İslam’ın ilk kıblesi Mescid-i Aksa, Müslümanların girişine kapatıldı ve İsrail askerleri postallarıyla mabede girdi. Postalların ezdiği, sadece İslamî geleneğin değil, İbrahimî geleneğin de kutsalları.
Etnik, dinî, mezhebî ayrımlar Ortadoğu’da baş edilmesi güç mücadeleler içinde boğuşan çok sayıda kimlik ortaya çıkardı tarih boyunca; Müslüman, Hıristiyan, Yahudi, Zerdüşt, Yezidi, Sünni, Şii, Alevi, Nusayri, Ortodoks, Katolik, Protestan, Süryani, Arap, Türk, Kürt, Fars... Bunlar bir çırpıda sayabildiklerimiz. Bir de buna fakir-zengin, köylü-şehirli gibi ayrımları dâhil ettiğimizde insanlık bütün ortak değerleri adeta unutmuş gibi.
Bu tablo içinde Mescid-i Aksa’ya yapılan saldırı, uluslararası siyaseti ne kadar etkiler bilinmez ama dünya Müslümanlarını yakından ilgilendiriyor. Fakat Müslümanları kıblelerine karşı yapılmış böylesi bir tecavüz karşısında birleştirebilecek bir iklim yok halihazırda. Irak’tan Suriye’ye, Mısır’dan Türkiye’ye Müslümanlar çatışma halinde. İslamcısıyla laikçisi, Şiisiyle Sünnisi, Selefisiyle haricisi biteviye bir mücadele içinde. Buna bir de ulus-devlet fikrinin enjekte ettiği etnik çatışmalar da dâhil olunca tüm ortak zeminler kayganlaşıyor.
Irak, Suriye, Arabistan, Mısır ve Türkiye’de dindaşlığın sağladığı ortaklıklar şöyle dursun, ticaret, su kaynakları, enerji nakil hatları, tarım arazileri, nihayetinde tarihi ve kültürel ortaklıklar şu an ne yazık ki, mücadele sebebi olmaktan başka bir şey ifade etmiyor.
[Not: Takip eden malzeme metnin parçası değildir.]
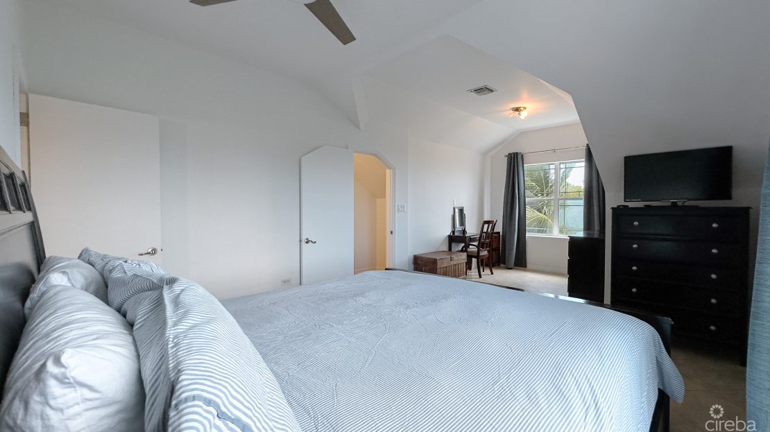 Boasting over 2,200 sq ft, this 3-bedroom, 3.5-bathroom home is beaming with natural light, offering high ceilings and uninterrupted water views from every room. Whether you’re enjoying morning coffee on your private patio or winding down in the third-floor suite overlooking Rum Point and Kaibo, each space is designed to frame the surrounding beauty of island life.

Mezhebi bölünmeler ve ulus-devlet fikri Müslümanları o kadar parçaladı ki, ortak kıbleye yapılan saldırı bile bir ümmet şuuru ile birleşmeye artık mani.
Elden gelen, ancak ‘Mescid-i Aksa ağlıyor’ vurgulu duygusal çıkışlar... Oysa duygu ile aklı nerede devreye sokacağını bilmek insan cinsinin en temel bilinç meselesi. Rasyonel bir bakışla özeleştiriyi devreye sokabilseydi Müslümanlar, belki Mescid-i Aksa bugün daha az ‘ağlar’dı! Modernite karşısında özgün bir ontolojik duruş ortaya koyamamak, geleneği yanlış yorumlamak ve Müslüman halkları kompleks ve geri kalmışlık içinde statükoya mahkum etmek, Müslüman dünyanın sosyolojik ve siyasi temel sorunları bugün. Bu sorunlar özeleştirinin kapısını kapattıkça, müminler dışarıdan gelen tehlikeler karşısında da sağlam bir duruş ortaya koyamıyorlar.
Dinler arası diyaloğu yanlış anladıkları gibi din-içi (intra-faith) diyaloğu da gerçekleştiremiyorlar. Oysa diyalojik ilişki sadece farklı dini gelenek taraftarları arasında değil, aynı dine mensup kişiler arasında da öncelikli bir ihtiyaç.
Peygamber’in vefatından kısa bir süre sonra Cemel ve Sıffin ile aralarına duvar ören müminler, mezhebi ayrımlarla birbirlerinin dertlerinden uzaklaştılar. Bugün en temel ortak meselede, mabetlerine yapılan saldırı karşısında dahi birleşemiyorlar.
Müminlerin Mescid-i Aksa için bugün hiçbir şey yapamıyor olması, aslında Müslümanların genel vaziyetinin de bir göstergesi. Barış ve esenlik dini İslam’ın müntesiplerinin barıştan bu kadar uzaklaşması pek çok şeyi bir daha gözden geçirmeyi gerekli kılıyor.